United States District Court, W.D. Washington, Seattle

November 14, 2017

YVETTE BAILEY, Plaintiff,
v.
ALPHA TECHNOLOGIES INCORPORATED, et al., Defendants.

          ORDER

          JOHN C. COUGHENOUR UNITED STATES DISTRICT JUDGE.

         This matter comes before the Court on Defendants' motion for judgment as a matter of law (Dkt. No. 97). Having thoroughly considered the evidence and testimony presented at trial and the parties' arguments, the Court GRANTS the motion for the reasons explained herein.

         I. DISCUSSION

         A. Judgment as a Matter of Law Standard

         During trial, if the Court determines a party has not presented sufficient evidence to allow a reasonable jury to find for it on an issue, the Court may: “(A) resolve the issue against the party; and (B) grant a motion for judgment as a matter of law against the party on a claim or a defense that, under the controlling law, can be maintained or defeated only with a favorable finding on that issue.” Fed.R.Civ.P. 50(a). Judgment as a matter of law is proper when the evidence, viewed in the light most favorable to the nonmoving party, permits only one reasonable conclusion. See Berry v. Bunnell, 39 F.3d 1056, 1057 (9th Cir. 1994).

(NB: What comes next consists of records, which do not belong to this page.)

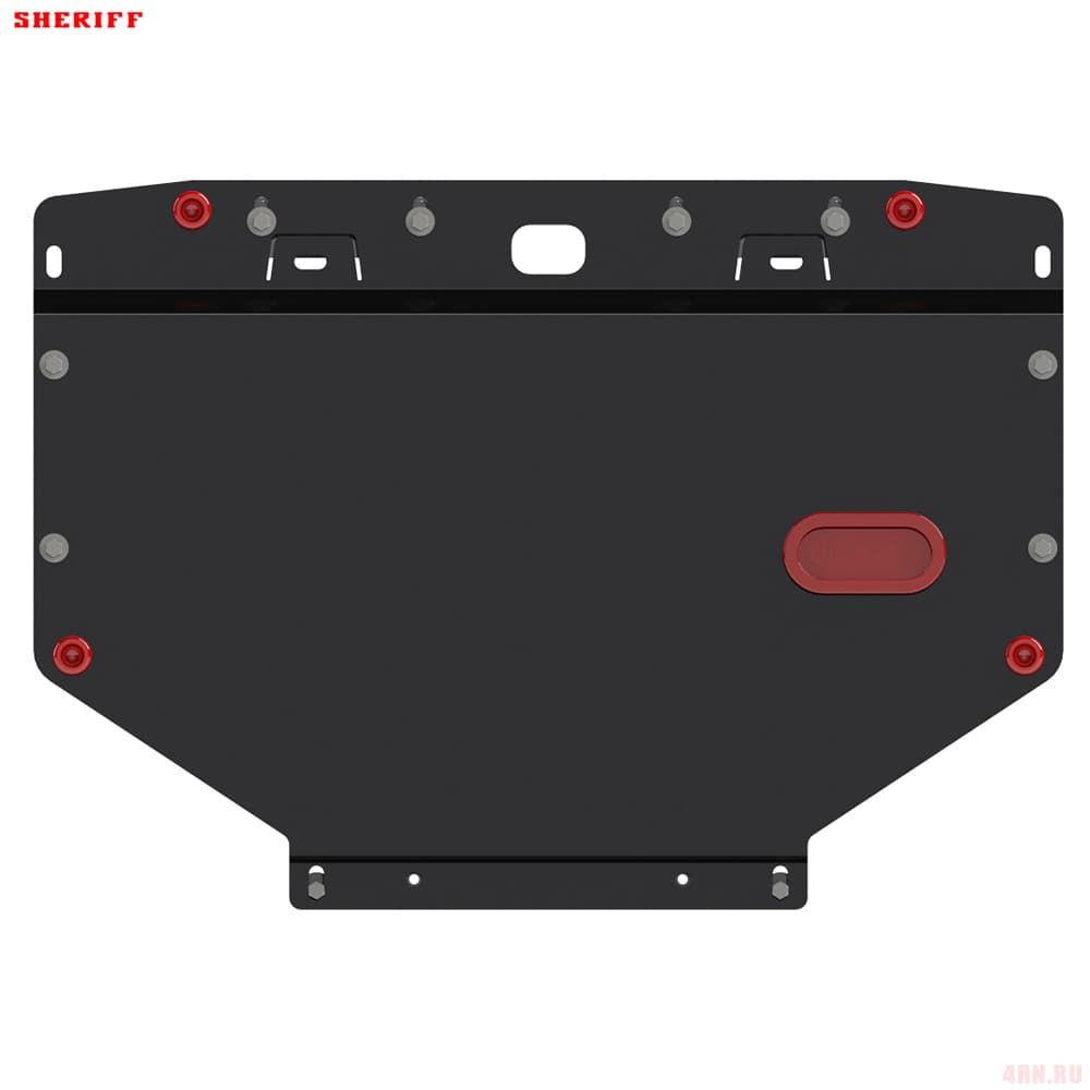 Защита картера Sheriff нужна для сохранности узлов и агрегатов, находящихся на днище авто. Она надежно защитит двигательный отсек вашей машины от повреждений. Также она защищает моторный отсек от влаги, грязи, и предусматривает наличие металлических крыльев, которые выполняют функцию пыльника.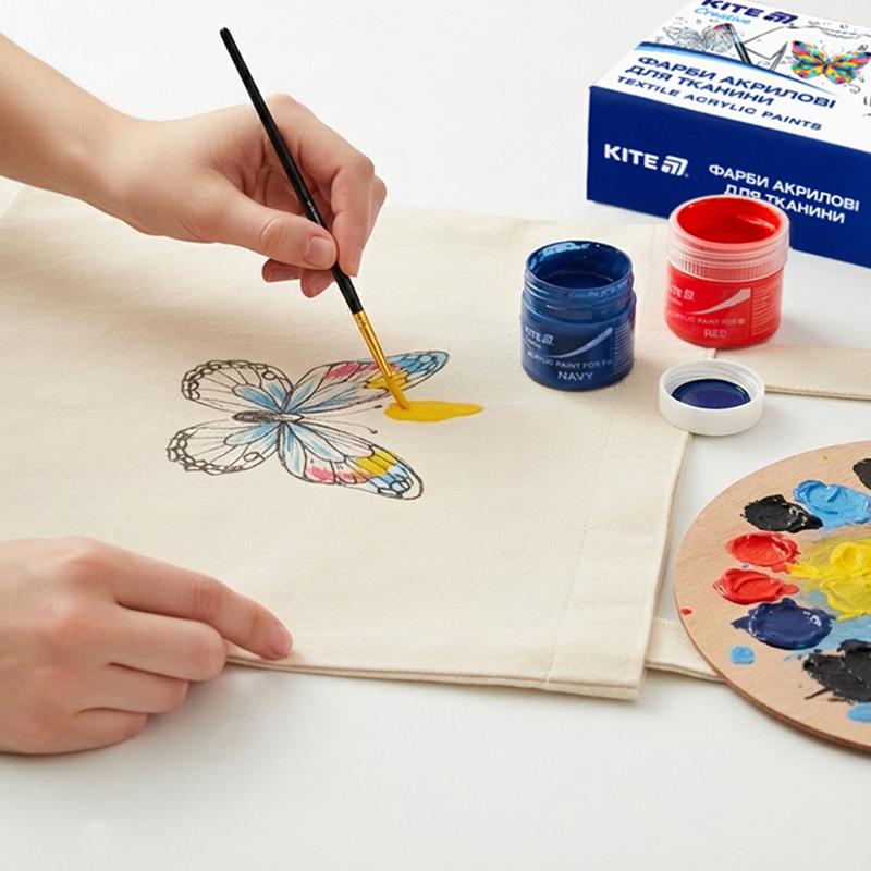 Розкрийте свій креатив разом із Kite Creative. Фарби для тканини ідеально підходять для декорування натуральних (бавовна, льон, шовк, віскоза) та змішаних тканин, що містять до 20-30% синтетичних волокон. Яскраві, насичені кольори допоможуть створити неповторний дизайн на футболках, сумках, аксесуарах та інших виробах.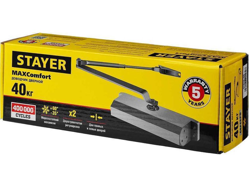 Купить Доводчик дверной STAYER, для дверей массой до 40 кг, цвет серебро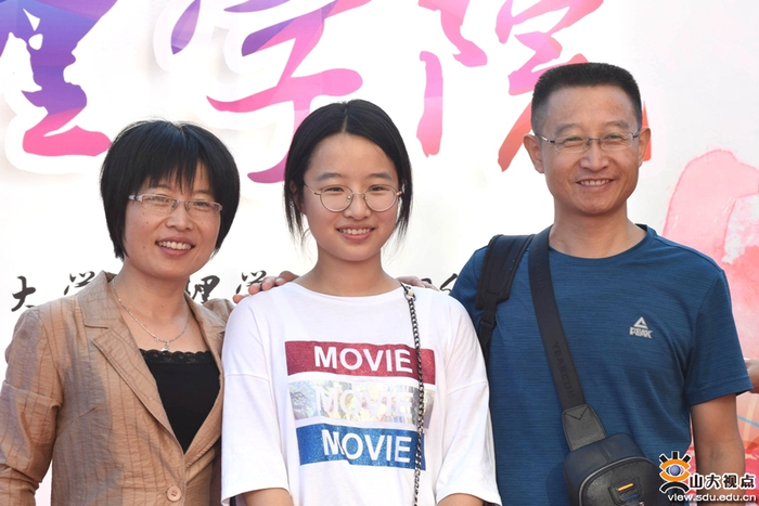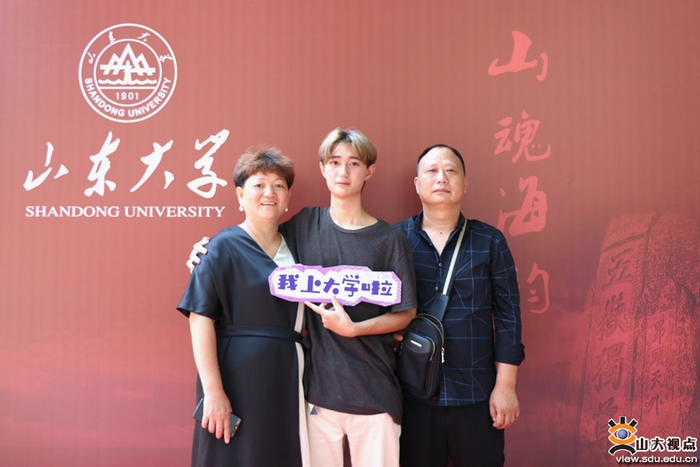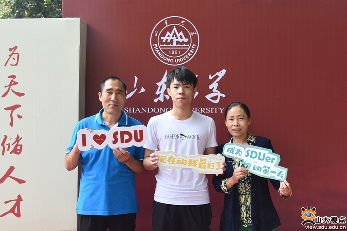 终于成为SDUer!报到现场,童鹤翱(中)和父母在山大展示牌前拍下了一张全家福。童鹤翱是一名艺术生,在艺考时行程产生冲突,学院体贴地为他重新协调了考试时间。从抱着试一试的心态报考山大,到正式报到、进入校园,一路走来,童鹤翱感触很多。他说自己在大学里最想做的,就是努力练好声乐专业。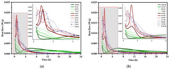 Hydration heat flow of OPC-CSA- CS ternary blends with different CS contents: (a) with 5% CS; (b) with 10% CS.

         B. Wrongful Termination in Violation of Public Policy

         As a general rule, employees in Washington work at-will, meaning they can be terminated for any reason that is not unlawful. See Rose v. Anderson Hay & Grain Co., 358 P.3d 1139, 1141 (Wash. 2015). The tort of wrongful termination in violation of public policy is a narrow exception to the at-will doctrine. See, e.g., Villiarimo v. Aloha Island Air, Inc., 281 F.3d 1054, 1063 (9th Cir. 2002); White v. State, 929 P.2d 396, 408 (Wash. 1997). Washington courts have recognized that the tort applies to situations where an employee is fired in retaliation for reporting employer misconduct, i.e. whistleblowing. See, e.g., Gardner v. Loomis Armored Inc., 913 P.2d 377, 384 (Wash. 1996).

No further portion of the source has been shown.